++++ Available records ++++

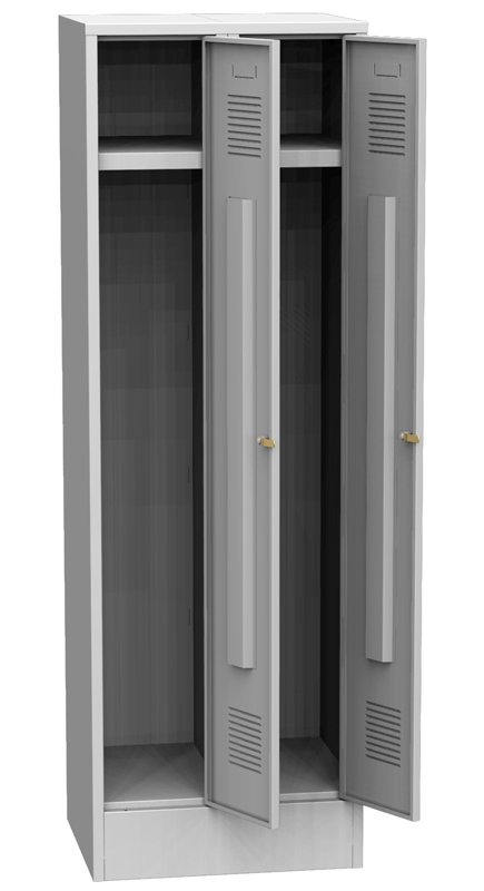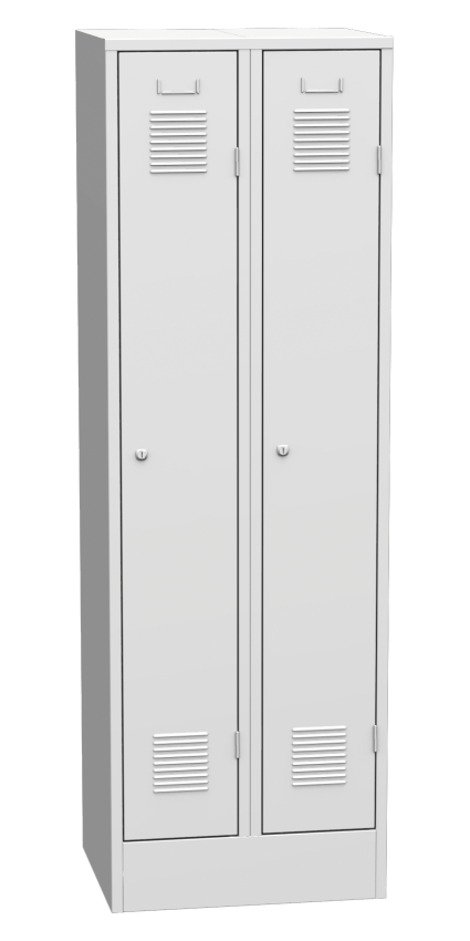 Garderobenschrank mit Sockel, 2 Türen, B x H x T 600 x 1850 x 500 mm, Korpusfarbe RAL 7035 Lichtgrau. vollständige Beschreibung und Parameter
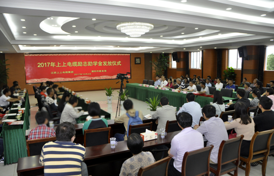 2017年10月17日,江蘇上上電纜集團50周年慶典隆重舉行。慶典儀式上,上上向溧陽市教育局捐資1000萬元,設(shè)立“上上勵志助學金”,資助地方貧困學生讀書成才。與會嘉賓們紛紛表示,捐資助學、回報社會的愛心行動,讓上上此次慶典辦得更加有意義。
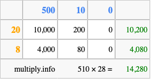 Below is an illustration showing you how to calculate 510 times 28 using the box method, using the instructions above.
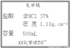 实验室有一瓶未开封的浓盐酸,部分标签如图所示.
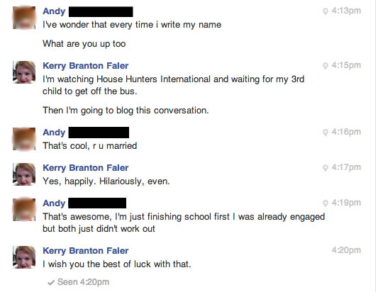 And the only comment I left on the Facebook event page was “my satellite is out, so I’m out.” I didn’t think anything about it for the rest of the night because my husband and I found something on Netflix to watch and I looked up chalk painted cabinets on Pinterest.
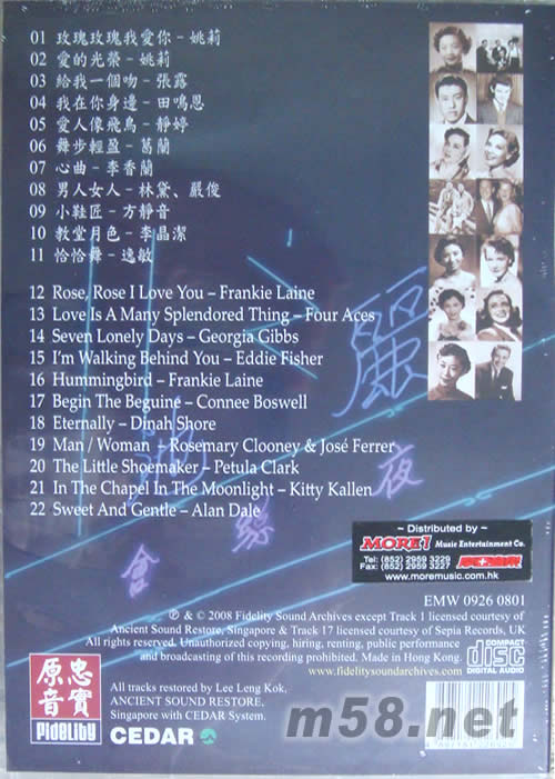 01. 玫瑰玫瑰我愛你 - 姚莉 02. 愛的光榮 - 姚莉 03. 給我一個吻 - 張露 04. 我在你身邊 - 田鳴恩 05. 愛人像飛鳥 - 靜婷 06. 舞步輕盈 - 葛蘭 07. 心曲 - 李香蘭 08. 男人女人 - 林黛、嚴俊 09. 小鞋匠 - 方靜音 10. 教堂月色 - 李晶潔 11. 恰恰舞 - 逸敏 12. Rose, Rose I Love You - Frankie Laine 13. Love Is A Many Splendored Thing - Four Aces 14. Seven Lonely Days - Georgia Gibbs 15. I’m Walking Behind You - Edde Fisher 16. Hummingbird - Frankie Laine 17. Begin The Beguine - Connee Boswell 18. Eternally - Dinah Shore 19. Man / Woman - Rosemary Clooney & Jose Ferrer 20. The Little Shoemaker - Petula Clark 21. In The Chapel In The Moonlight - Kitty Kallen 22. Sweet And Gentle - Alan Dale a

++++

▸ **What is expected**
Output every entry above exactly, minus the pictures.

▸ **Solved exercise**
 Garderobenschrank mit Sockel, 2 Türen, B x H x T 600 x 1850 x 500 mm, Korpusfarbe RAL 7035 Lichtgrau. vollständige Beschreibung und Parameter
 2017年10月17日,江蘇上上電纜集團50周年慶典隆重舉行。慶典儀式上,上上向溧陽市教育局捐資1000萬元,設(shè)立“上上勵志助學金”,資助地方貧困學生讀書成才。與會嘉賓們紛紛表示,捐資助學、回報社會的愛心行動,讓上上此次慶典辦得更加有意義。
 Below is an illustration showing you how to calculate 510 times 28 using the box method, using the instructions above.
 实验室有一瓶未开封的浓盐酸,部分标签如图所示.
 And the only comment I left on the Facebook event page was “my satellite is out, so I’m out.” I didn’t think anything about it for the rest of the night because my husband and I found something on Netflix to watch and I looked up chalk painted cabinets on Pinterest.
 01. 玫瑰玫瑰我愛你 - 姚莉 02. 愛的光榮 - 姚莉 03. 給我一個吻 - 張露 04. 我在你身邊 - 田鳴恩 05. 愛人像飛鳥 - 靜婷 06. 舞步輕盈 - 葛蘭 07. 心曲 - 李香蘭 08. 男人女人 - 林黛、嚴俊 09. 小鞋匠 - 方靜音 10. 教堂月色 - 李晶潔 11. 恰恰舞 - 逸敏 12. Rose, Rose I Love You - Frankie Laine 13. Love Is A Many Splendored Thing - Four Aces 14. Seven Lonely Days - Georgia Gibbs 15. I’m Walking Behind You - Edde Fisher 16. Hummingbird - Frankie Laine 17. Begin The Beguine - Connee Boswell 18. Eternally - Dinah Shore 19. Man / Woman - Rosemary Clooney & Jose Ferrer 20. The Little Shoemaker - Petula Clark 21. In The Chapel In The Moonlight - Kitty Kallen 22. Sweet And Gentle - Alan Dale a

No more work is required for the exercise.